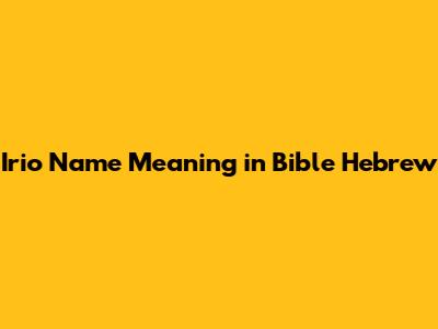 Irio: Exploring The Meaning In Hebrew And Biblical Context
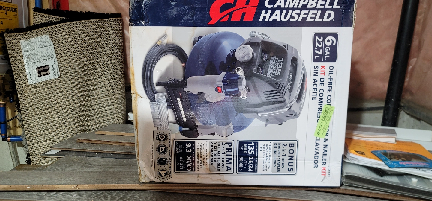65Looking to sell this Campbell Hausfeld air compressor and nailer kit. It's a 6-gallon, oil-free compressor with a 2-in-1 brad nailer and stapler kit. The compressor delivers 135 max PSI and 2.6/2.4 CFM at 90/40 PSI. Ideal for various tasks like carpentry, repair work, and upholstery
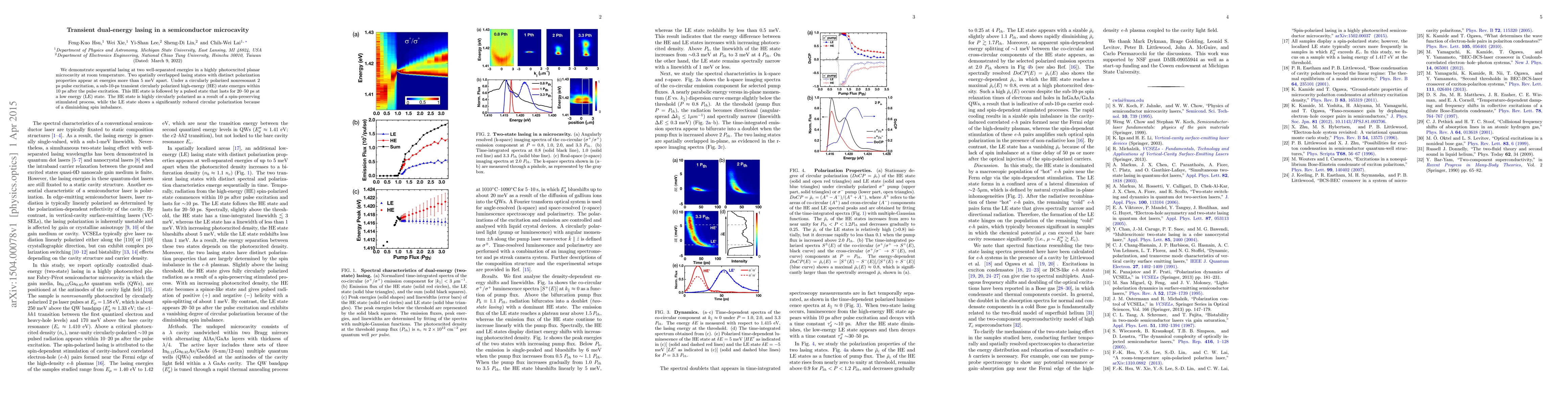Researchers demonstrate transient dual-energy lasing in a semiconductor microcavity, creating two distinct lasing states with different polarization properties that appear at energies over 5 meV apart.
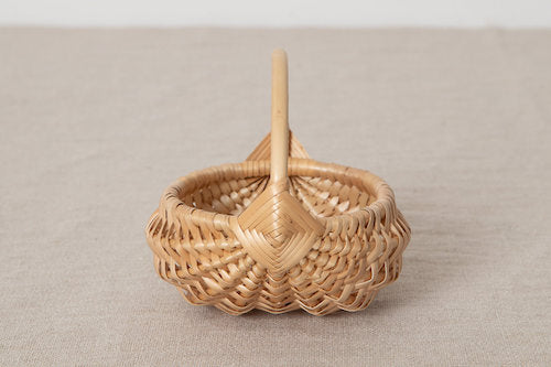 やなぎには樹皮がついていますが、その表面の皮をとり、調えた状態の「むきやなぎ」を使って編まれたかごをご紹介します。
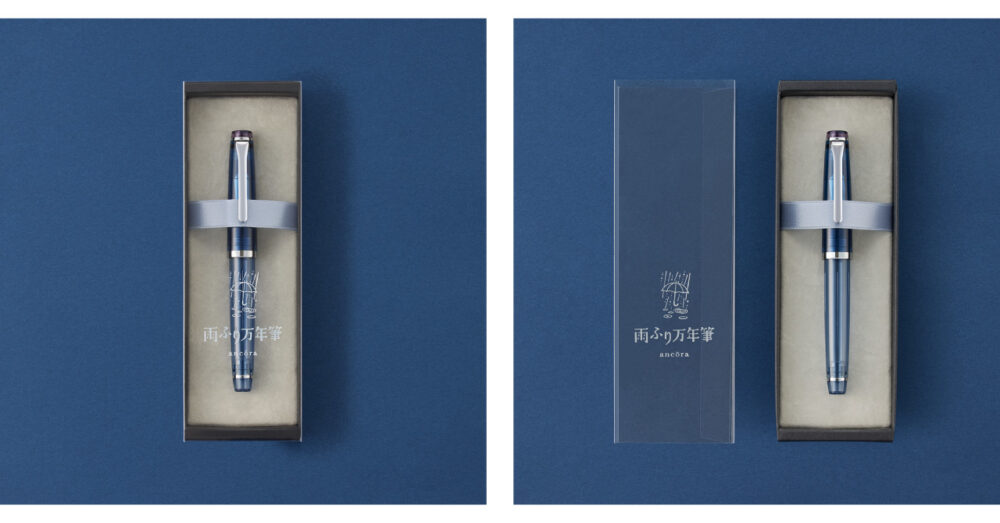 2021年より、銀座本店でのみ、雨の日限定で販売してきたアンコーラオリジナル万年筆用ボトルインク「雨ふり」は、現在も大変好評を得ている。今回、同じく「雨ふり」をテーマにした雨の日限定商品として、「レクル 万年筆 雨ふり」と「万年筆用インクコンバーター 雨ふり」が新たにラインアップに加わることとなった。
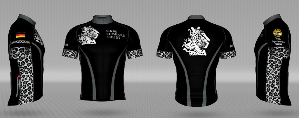Beim Design war uns wichtig, dass gut zu erkennen ist, dass wir für den Cape Leopard Trust fahren. Daher das Logo des Trusts auf der Brust und das Leoparden Muster an den Armen und auf den Seiten.
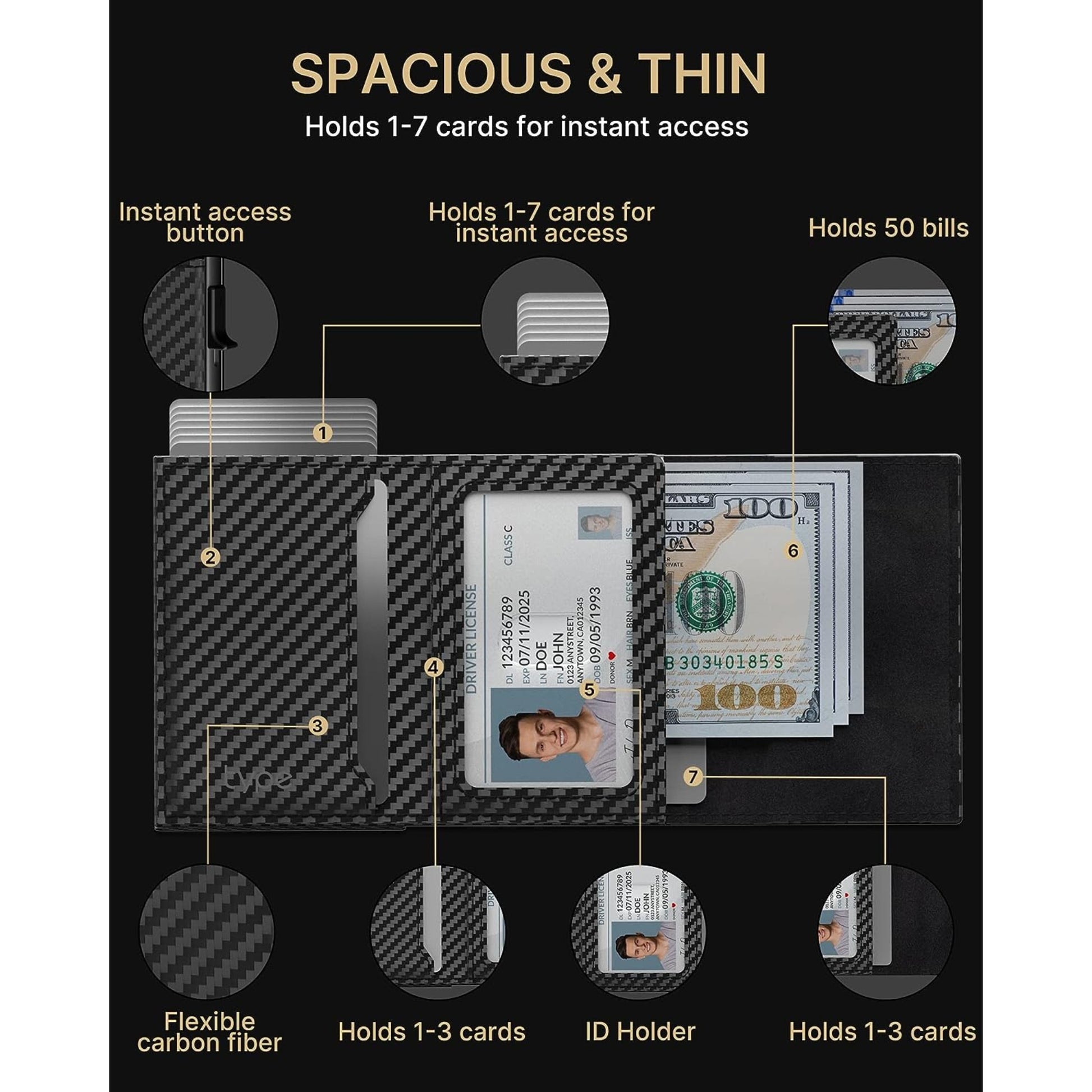 Premium Carbon Fiber Design: This card holder features a sleek and stylish carbon fiber exterior that not only looks great but also offers durability and resistance to wear and tear.

About this exercise:
Beginning with the line that contains "万年筆 雨ふり」と「万年筆用インクコンバーター 雨ふり」が新たにラインアップに加わることとなった。" and ending with the line that contains "Beim Design war", reproduce the listing exactly, pictures excluded.

Exercise solution:
 2021年より、銀座本店でのみ、雨の日限定で販売してきたアンコーラオリジナル万年筆用ボトルインク「雨ふり」は、現在も大変好評を得ている。今回、同じく「雨ふり」をテーマにした雨の日限定商品として、「レクル 万年筆 雨ふり」と「万年筆用インクコンバーター 雨ふり」が新たにラインアップに加わることとなった。
Beim Design war uns wichtig, dass gut zu erkennen ist, dass wir für den Cape Leopard Trust fahren. Daher das Logo des Trusts auf der Brust und das Leoparden Muster an den Armen und auf den Seiten.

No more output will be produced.